There are lots of facts of this kind that are well-known to algebraic number theorists, but may not be in standard textbook accounts. The general theme of which your question is an instance is that of "global realization of a given local situation", namely can a given local situation (e.g. extension of local fields, or something analogous) be obtained from an appropriate global context (e.g. an extension of number fields) by completing.

In your particular case, there are probably many ways to answer the question, but here is one approach, which is fairly flexible.

Start with your finite extension $\mathbb F_q$ over $\mathbb F_p$. Now this can be obtained from an extension of local fields, i.e. we can find an extension $K$ of $\mathbb Q_p$ whose residue field equals $\mathbb F_q$. E.g. if $q = p^f$ then we can take $K$ to be the unramified extension of $\mathbb Q_p$ of degree $f$.

Now if we write $K = \mathbb Q_p(\alpha),$ let $f(x)$ be the minimal polynomial of $\alpha$ over $\mathbb Q_p$. Since $\mathbb Q$ is dense in $\mathbb Q_p$, we may approximate $f(x)$ as closely as we like by an element $g(x) \in \mathbb Q[x]$. If we assume that $g$ is close enough to $f$, then $g$ will also have a root $\beta$ in $K$ which is very close to $\alpha$ (in particular, so that $K = \mathbb Q_p(\beta)$.) (This is a version of Krasner's lemma; in fact it can be deduced pretty directly from Hensel's lemma.)

Now if let $F = \mathbb Q(\beta)$ then $F$ is a number field (since $\beta$ is the root of a polynomial in $\mathbb Q$), and the given embedding $F = \mathbb Q(\beta)\hookrightarrow K = \mathbb Q_p(\beta)$, which as dense image, corresponds to a prime ideal $P$ of $\mathcal O_F$ such that $F_P = K$. In particular, the residue field of $P$ equals the residue field of $K$, i.e. $\mathbb F_q$.
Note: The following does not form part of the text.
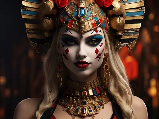 almost 2 years ago A breathtaking artwork featuring Harley Quinn as a captivating Pharaoh God, a true masterpiece that combines her playful nature with regal power. Harley Quinn adorned in an elaborate golden headdress, embellished with vibrant colors, feathers, and jewels. Her face painted with intricate hieroglyphic patterns, showcasing her mischievous spirit. Dressed in a unique ensemble that blends ancient Egyptian motifs with her signature style, incorporating red and black accents. Holding a golden staff adorned with jester-like details, symbolizing her unpredictable nature. Surrounding her, a backdrop of ancient pyramids and a sun-soaked desert, with a vibrant sky showcasing a mesmerizing sunset. The artwork, created with meticulous attention to detail, brings forth the essence of Harley Quinn's character as a Pharaoh God, a captivating blend of beauty, chaos, and playfulness. elielborges 2 170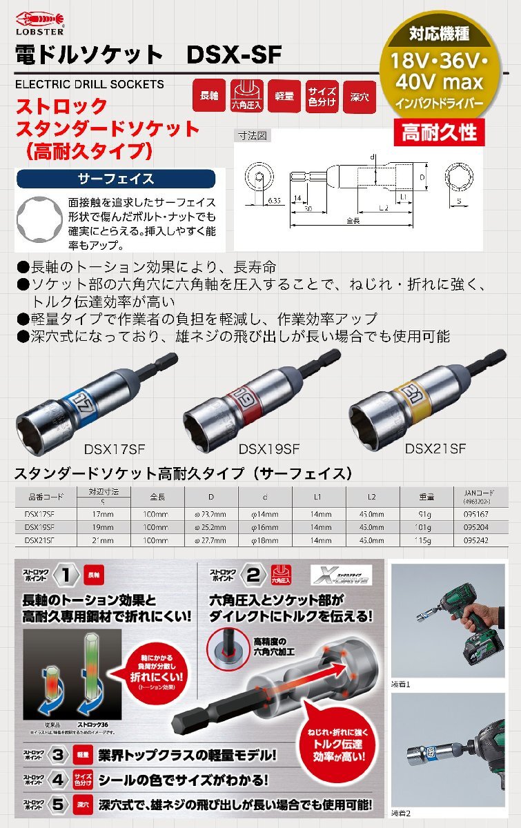 LOBSTER(エビ印)電ドルソケット サーフェイス DSX17SF 〔ストロック スタンダードソケット(高耐久タイプ)DSX-SF〕

If we do choose $K$ to be unramified over $\mathbb Q_p$ of degree $f$, then we can choose $\alpha = \zeta$, a $(p^f-1)$st root of $1$, which is already algebraic over $\mathbb Q$. Thus we can take $\alpha = \beta = \zeta$, and so we can set $F = \mathbb Q(\zeta)$, the field generated by $(p^f-1)$st roots of unity. (Thus we get essentially the same answer as that indicated by Cam McLeman.)

Note, though, that the above result proves something stronger --- namely not just that any finite extension of $\mathbb F_p$ can be obtained as the residue field of a prime ideal in a number field, but that any finite extension of $\mathbb Q_p$ can be obtained as the completion at a prime ideal of a number field.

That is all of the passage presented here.